Neo-Liberalizm: Neo-Liberalizm Üzerine Bir Deneme

Neo-Liberalizm: Neo-liberalizm Üzerine Bir Deneme!

Neo-liberalizm, minimalist devleti, mal ve hizmetlerin pazar payını ve uluslararası sermaye ve pazarlara açıklığı savunan ekonomik bir model anlamına gelir. Neo-liberallere, dağıtım ile birlikte ekonomik gelişme, iç piyasaların serbestleşmesi ve dışa dönük yönelim, ticaret ve kur politikaları ve iç piyasalarda mal, sermaye ve işçilik için devlet müdahalesinin azaltılması yoluyla piyasa disiplini yoluyla gerçekleşebilir. Böylece, fiyatların, faiz oranlarının ve ücretlerin piyasa disipliniyle doğal dengelerini bulmalarına izin verilir. Bu durumda gelişme, finansal piyasaların düzenlemelerinin kaldırılması ve ekonominin kısıtlı sektörlerinin özel yatırımlara açılması yoluyla gerçekleşir.

Yeni-liberaller, doğrudan ve dolaylı vergiler, kamu sektörünün özelleştirilmesi ve idare edilemeyen veya hasta firmaların tasfiyesi ve sınai lisans sisteminin ve döviz kontrollerinin tamamen imha edilmesi gibi kısıtlayıcı mevzuatın kaldırılmasını desteklemektedir.

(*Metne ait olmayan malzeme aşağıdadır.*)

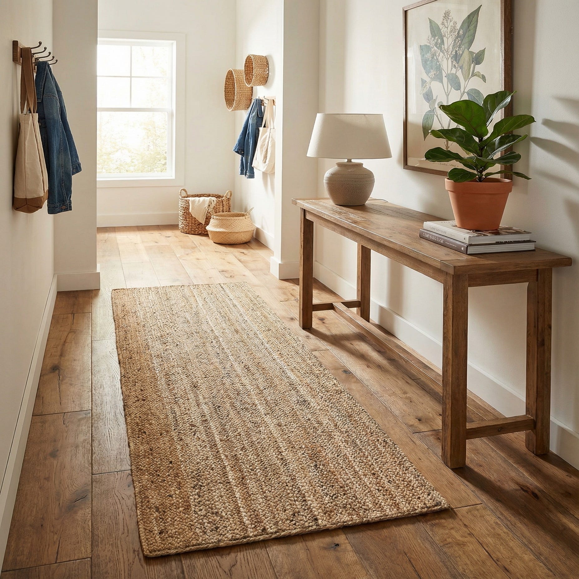 Warm, neutral tones and a simple braided motif make this rug well-suited to casual, coastal, Scandinavian, or farmhouse interiors. Place it in a hallway or entry to introduce texture and light, run it down a kitchen aisle to anchor the workspace, or lay it beside a bed to add natural warmth. It pairs naturally with light to medium wood flooring, rattan or wicker accents, and linen or cotton upholstery.

Genel olarak, tüm bu devletçi veya kontrol araçları, içe dönük ekonomiyi ihracata yönelik veya dışa dönük ekonomiyi onaylayan bir pazara bağlamaktadır.

Böyle bir pazar, ekonominin üretim, yatırım ve kapasite yaratma konularının dinamik karşılaştırmalı üstünlük sağladığı, böylece kaynak maliyetlerini en aza indirdiği ve iç pazarlardaki rekabeti artırdığı ve olası yolsuzluk kanallarını ortadan kaldırdığı bir denge büyüme yoluna doğru ilerlemesini sağlar.

Daha geniş bir politik ideolojiden çok ekonomik bir ideolojidir. 1970'lerde hükümet eyleminden uzaklaşma, bu terimin ortaya çıkmasına neden oldu; bu, ticaret engellerini ve iç piyasa kısıtlamalarını azaltmaya yönelik bir programı daha serbest piyasa kapitalist sistemine doğru bir yol olarak gösteriyor. Ekonomide belli bir dereceye kadar hükümet katılımını, özellikle bir merkez bankası ve yetenekli bir ulusal savunmaya olan ihtiyacın kabulünü kabul eder, ancak hükümet düzenlemesini mümkün olduğunca azaltmaya çalışır.

Neo-liberalizm bazen Thatcherizm ile örtüşen olarak tanımlanırken, diğerleri, ekonomistlerin Joseph Stiglitz ve Milton Friedman kadar 'neoliberal' kadar çeşitli olduğunu açıkladılar. Dahası, bu ekonomik gündem politikada liberal bir gündemle bir araya gelmek zorunda değildir: neo-liberaller çoğu zaman etik konularda veya cinsel ilişkilerde bireysel özgürlüğe abone olmazlar.

Aşırı bir örnek Şili'deki Pinochet rejimi idi, ancak bazıları Ronald Reagan, Margaret Thatcher, Tony Blair veya Gerhard Schroder'ı neo-liberal olarak sınıflandırdı. 1990'larda, birçok sosyal demokrat parti, geniş çapta özelleştirme ve açık pazarlar gibi neo-liberal ekonomik politikaları kendi seçmenlerinin dehşeti içinde bıraktı.

Bu, bu partilerin fiilen neo-liberal olmalarına neden oldu ve sık sık halk desteğinin ciddi şekilde kaybedilmesine neden oldu. Örneğin, Alman Sosyal Demokrat Partisi ve İngiliz İşçi Partisi'nin solundaki eleştirmenler onları neo-liberal politikalar izlemekle suçluyor.